--- COLLECTED MATERIAL Enclosed Below ---

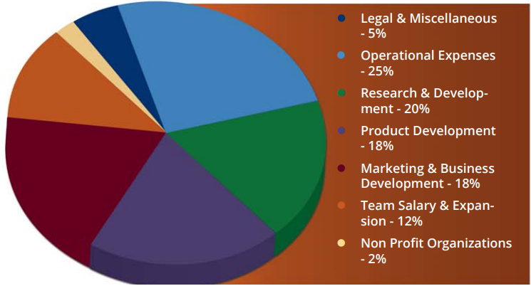 Прыбытак ад ICO будзе выкарыстоўвацца наступным чынам:
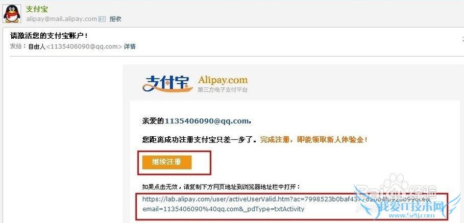 登录邮箱,点击邮件中的激活链接,激活您注册的支付宝账户。如下图:
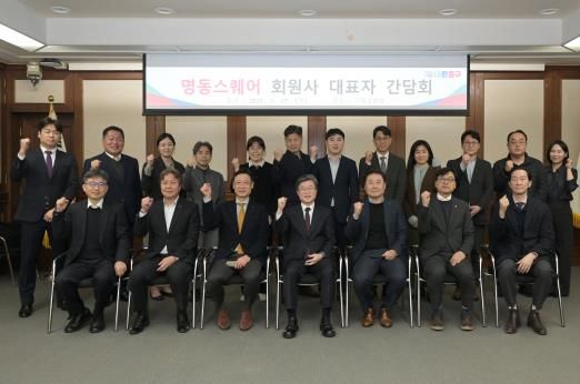 구는 지난 27일, 명동스퀘어 회원사와 간담회를 열어 특별가로구역 지정에 대한 설명과 함께 발전 방향을 논의했다. 이날 간담회에는 롯데백화점, 신세계백화점, 하나은행, 교원프라퍼티, 나우인명동 등 주요 기업 관계자들이 참석해 명동스퀘어의 경쟁력 강화 방안에 대해 의견을 나눴다.

--- End of Enclosed COLLECTED MATERIAL ---

WHAT THE TASK ASKS: Your answer should be every line above, written out exactly, with no pictures.

TASK ANSWER:
 Прыбытак ад ICO будзе выкарыстоўвацца наступным чынам:
 登录邮箱,点击邮件中的激活链接,激活您注册的支付宝账户。如下图:
 구는 지난 27일, 명동스퀘어 회원사와 간담회를 열어 특별가로구역 지정에 대한 설명과 함께 발전 방향을 논의했다. 이날 간담회에는 롯데백화점, 신세계백화점, 하나은행, 교원프라퍼티, 나우인명동 등 주요 기업 관계자들이 참석해 명동스퀘어의 경쟁력 강화 방안에 대해 의견을 나눴다.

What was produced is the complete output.